The feedback loop is created when the character’s boredom (triggered by inactivity) encourages the user to move the mouse, which shifts the character to happiness, further motivating user interaction.
Agency is the perception that a robot has the ability to act autonomously or make decisions, impacting how humans relate to it. If moving the mouse made you think that the character was glad to see you could mean that you believe the character has agency. The character’s agency is conveyed through its ability to independently switch emotions (e.g., from neutral to happy when the mouse approaches), giving the impression that it autonomously ‘chooses’ to react to the user’s presence." After playing with the application for a while it becomes obvious that the look of surprise is a preprogrammed response; an algorithm that moves pixels on a screen through different states.

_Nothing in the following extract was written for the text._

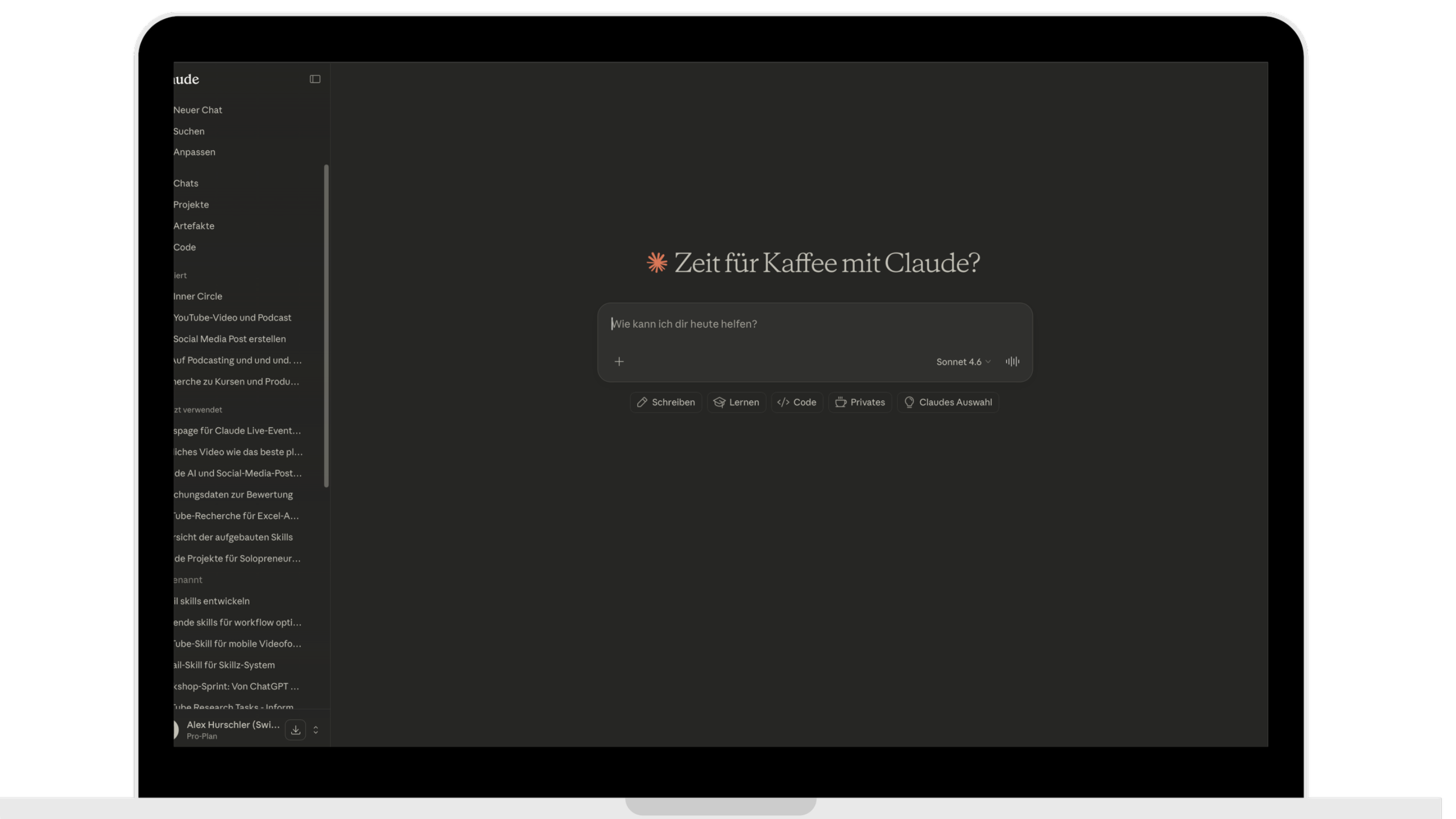 Du öffnest Claude. Zwei Minuten. Du weisst was heute zählt. Deine E-Mail ist in dreissig Sekunden fertig. Dein nächstes Video steht schon auf der Liste. Du arbeitest fokussiert – und hörst früher auf als sonst.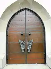 The first Augustinian monks settled at the present location, then at the western ring of the town wall around 1270 AD.[5] The monastery consisted of a Romanesque church on today's site as well as the monastic buildings built around the cloister to the north. Like the Predigerkloster monks before them, the monks were allowed to establish a cemetery at Zähringerstrasse for "prayer" (used for Dominican friars, the 'blackfriars') abbey, and repealed in 1843.[6] The order in later years supported the Brun regime of the Guilds of Zürich. The order purchased houses in the late 13th and early 14th century, and was in close contact with the nobility and landed gentry in Zürich and the surrounding area, among them the Bilgeri family (Grimmenturm) and the House of Rapperswil, that had after their expulsion around 1345 found asylum in Rapperswil. Memorial measurements had to be held until the 14th century at Grossmünster, because thus the most income was achieved. Until the Reformation in Zürich, all income obtained with the funerals had also to be delivered to the Grossmünster abbey. Within the city, as the other mendicant orders, the Augustinians were reduced to the function of area pastors. The convent was abolished in 1524, worship in the church was discontinued, and the buildings and income of the monastery were assigned to the Augustiner Amt, then a bailiwick or administrative entity of the city of Zürich.

And the character's emotions are not a conscious choice that it makes with every interaction even though it looks that way.
Let me know if this work ever crosses into the uncanny valley.
By using a playful, cartoonish design, the project avoids the uncanny valley, ensuring the character feels approachable rather than eerily human-like
The project also draws on affective interaction, with emotions like happiness or surprise designed to evoke emotional responses from the user. Through social presence, the character feels like a social entity, enhancing the sense of interaction. Finally, proxemics plays a role, as the character’s emotions intensify based on the mouse’s virtual proximity, creating a dynamic and engaging experience.
I suppose my biggest inspiration for this is the keepon robot which is a minimalistic robot that creates an affective interaction with it's body movements. So this can be my attempt at a virtual keepon.

---
I made this project as a fun experiment to see if I could make some kind of virtual 'thing' that provokes emotion. Also beacuse I thought it would be cool.